2. English Language Pair Performance:
English is the primary language with the highest downloads (11,496,536 total downloads, 192 avg downloads) which as US focused organisation I would expect. English as secondary language with other languages shows higher average downloads (459-675 per title) but has a much lower volume, suggestingpotential for more translated works into English.

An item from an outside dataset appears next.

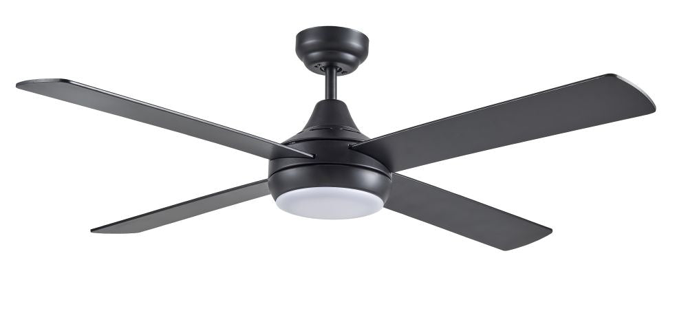 - Link Fan Noir LED et Télécommande Ventilateur de plafond noir avec structure en acier et 4 pales en contreplaqué massif diamètre 122 cm

3. European Language Performance:
- Spanish leads with 187 avg downloads
- Portuguese: 134 avg downloads
- German: 124 avg downloads
- French: 122 avg downloads
- Italian: 92 avg downloads

Therefore, my business recommendations for a larger publisher, based on these findings would be:
1. Immediate Opportunities:
   - Explore to see which Middle English classics have no publisher and for which high quality translations could be made (highest avg downloads for secondary language)
   - Consider East Asian language translations (Korean, Chinese show high engagement)
   - Expand Spanish-language content (high downloads, low current percentage)

2. Strategic Expansion:
   - Focus on English translations of successful foreign works (higher than average downloads)
   - Develop more multilingual editions in European languages (consistent performance)

3. Market Testing:
   - Start with small collections in high-performing but underrepresented languages
   - Monitor performance of multilingual editions in European market combinations

### Next Steps and Recommendations
With an extended dataset and links to Nielsen Bookscan, I would:
1. Cross-reference with market size data
2. Analyze seasonal patterns in downloads 
3. Create predictive models for future performance
4. Identify underserved language markets further

### Version Control
- Filename: `ProjectGutenberg_Analysis/excel/language_analysis.xls`
- Changes: Initial cleaning process documented


---
**Note**: This notebook is part of the Project Gutenberg Analysis portfolio project.